In its LPG Vessel Receipt and Discharge Data for December 2018, the PPPRA disclosed that the country imported 48.27 percent of total LPG supplied in the country in the month under review. Total LPG supplied was put at 87.19 million, both from domestic and foreign sources.
Of the total import, the report noted that 23.2 million metric tonnes (vacuum) of cooking gas was imported from Argentina, representing 26.61 per cent of total LPG supplied in the period under review, while import from other destinations, including the United States, stood at 18.89 million metric tonnes, representing 21.67 percent of total LPG supplied in the country in the month under review.
Specifically, the report disclosed that a total of 87.19 million metric tonnes of LPG was supplied in the country in December 2018, with 48.27 percent sourced from import, while 51.7 percent was sourced both from local and unlisted sources.

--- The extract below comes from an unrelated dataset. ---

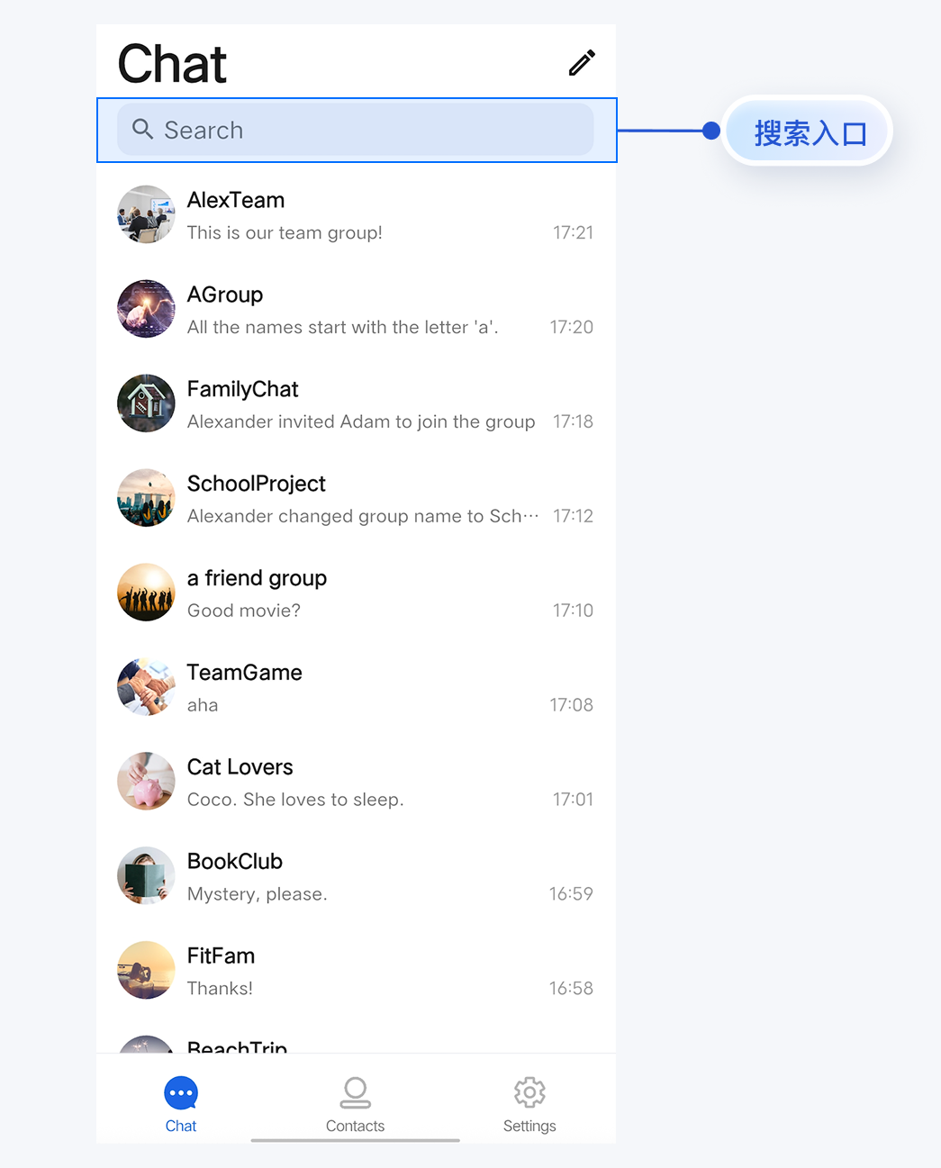 SearchBar组件可直接初始化使用,示例代码如下:SearchBar(onContactSelect: (FriendSearchInfo selectedContact) {// 联系人点击响应事件},onGroupSelect: (GroupSearchInfo selectedGroup) {// 群组点击响应事件},onConversationSelect: (MessageSearchResultItem selectedConversation) {// 会话点击响应事件},onMessageSelect: (MessageInfo selectedMessage) {// 消息点击响应事件},),

Furthermore, from local sources, the PPPRA report noted that 34.38 million metric tonnes of LPG was supplied by the Nigerian Liquefied Natural Gas Company, NLNG, from its Bonny terminal, representing 39.4 percent of total LPG supplied in the month under review.

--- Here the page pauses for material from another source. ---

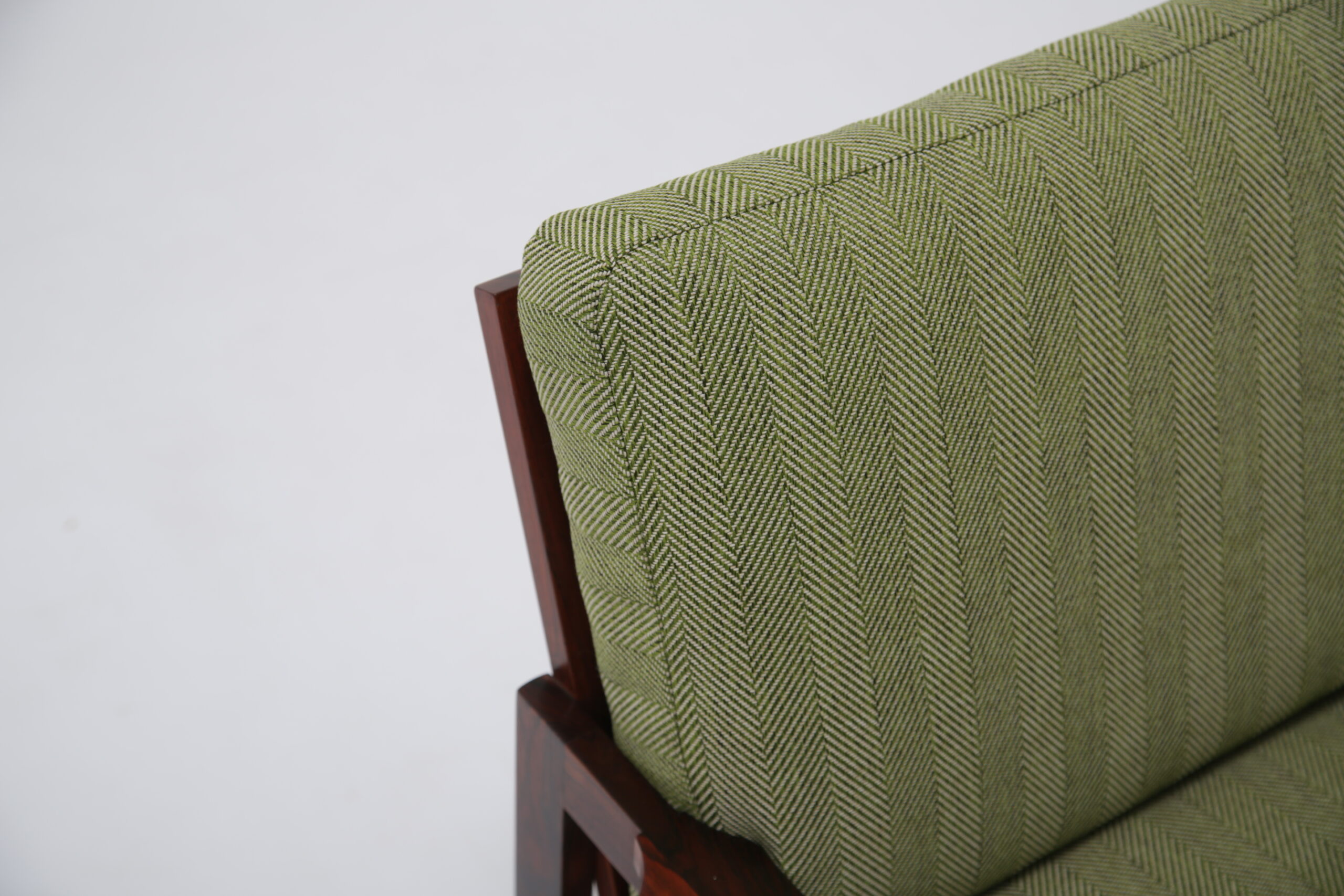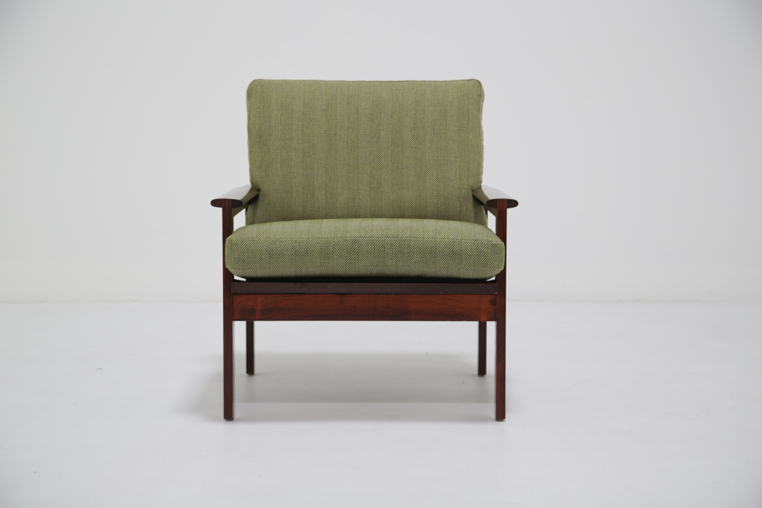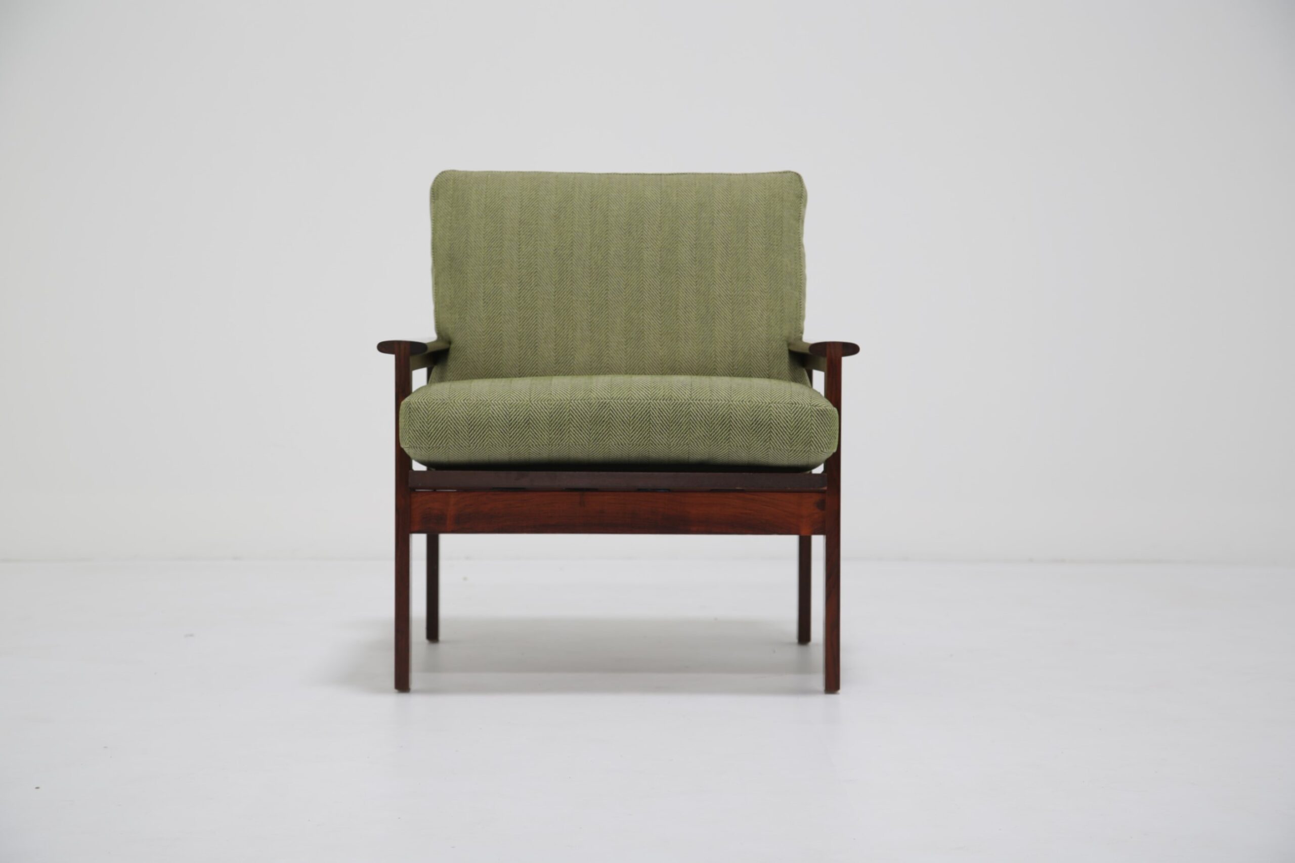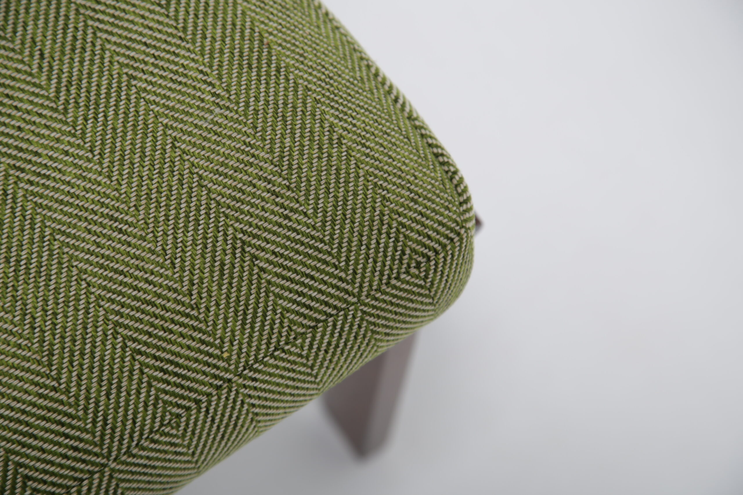 The chair is manufactured in rosewood which has a lovely deep and rich grain, evident throughout the armchair and has been upholstered in a lovely green herringbone fabric. This armchair would be the perfect addition to any living room, lounge area or office requiring a comfortable chair to sit in to relax, read or just simply watch TV.

From the report, two unlisted sources accounted for 3.86 million metric tonnes and 6.86 million metric tonnes of LPG, bringing their combined supplies to 10.72 million metric tonnes, representing 12.3 percent of total LPG supplied in December 2018.

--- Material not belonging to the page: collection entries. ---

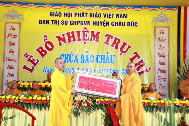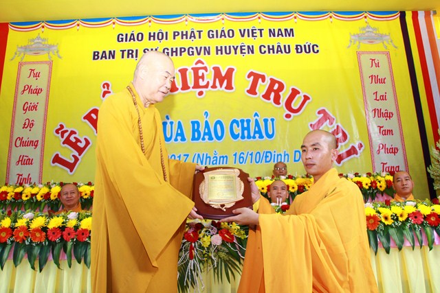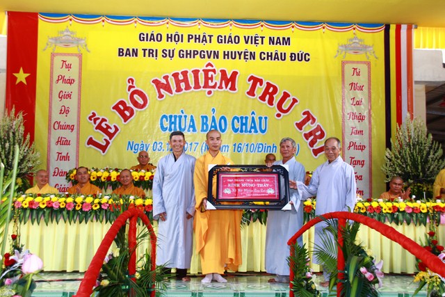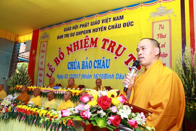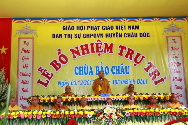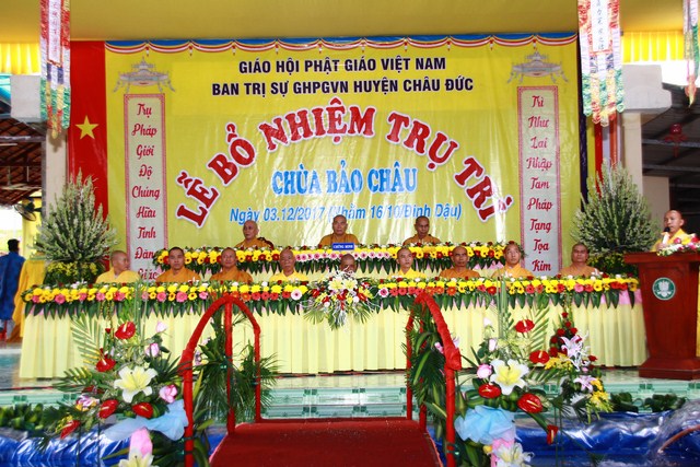 Đại đức Thích Thiện Thông Phó thư ký kiêm Chánh Văn phòng Ban Trị sự GHPGVN tỉnh Bà Rịa Vũng Tàu tuyên đọc quyết định số 513/QĐ/BTS của Ban Trị sự GHPGVN tỉnh Bà Rịa Vũng Tàu do HT Thích Quảng Hiển Trưởng Ban Trị sự GHPGVN tỉnh ấn ký ngày 10/10/2017 V/v Bổ nhiệm Đại đức Thích Trung Tuệ đảm nhận Phật sự Trụ trì chùa Bảo Châu thuộc Ấp Liên Sơn xã Xà Bang huyện Châu Đức
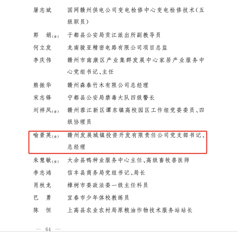 喜訊!贛州發(fā)展集團(tuán)喻景英入選2024年度“新時(shí)代贛鄱先鋒”
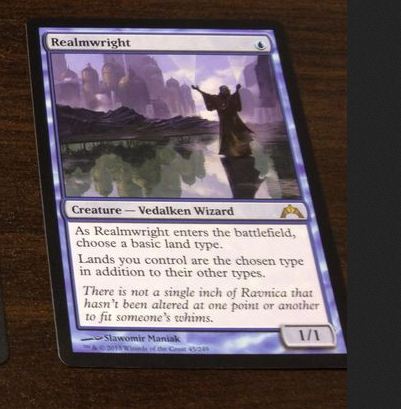 Hello super mana fixer!!! Could this card be playable as a backup plan in Modern Valakut decks? If every land you have in play is a mountain, then every other mountain you play will trigger Valakut. Even Valakut would count as a Mountain! Being on a delicate 1/1 body is sub-optimal, but Urborg, Tomb of Yawgmoth fetches decent coin for making all lands swamps. Though this one only affects your lands - not sure if that's better or worse. This guy just might be worth keeping an eye on. Notice I said keeping an eye on but not preordering. At $2.49 the upside is gone unless the card breaks into Standard. If this was $0.99 I may have actually thought about ordering a set.

From the local sources, the report noted that three ships lifted LPG from Bonny for delivery to the Nigerian market. The three ships, according to the report are MT Navigator Capricorn and MT Mathraki.
The vessels, the report disclosed, all arrived at various jetties at the Apapa Ports, between November 24 and December 29, 2018, while they discharged their consignments between December 2 and December 30, 2018.
The various consignments of LPG were discharged at depots belonging to NAVGas, NIPCO, Puma Energy, Matrix, Stockgap and the Petroleum Products Marketing Company, PPMC.
It would be recalled that the Nigerian National Petroleum Corporation, NNPC, had in January 2019, said it is set to implement an effective commercial framework that would halt the export of propane and butane which are major components in the production of Liquefied Petroleum Gas, LPG, also known as cooking gas.
The NNPC, in a statement, noted that the move to stop the export of propane and butane which was anchored by the Crude Oil Marketing Division of the Corporation would enable it to boost supply of LPG to the domestic market, thereby, leading to a natural downward slide in the price of the product in the country.
Group General Manager, Crude Oil Marketing Division, COMD, of the Corporation, Mallam Mele Kyari, had said, “Currently some of our butane and propane entitlements are exported largely due to lack of vessels to make sure that these things come into the domestic markets and the absence of a commercial framework. What we are going to do is to make sure we put the right commercial framework in place so that those exports are converted into domestic consumption”.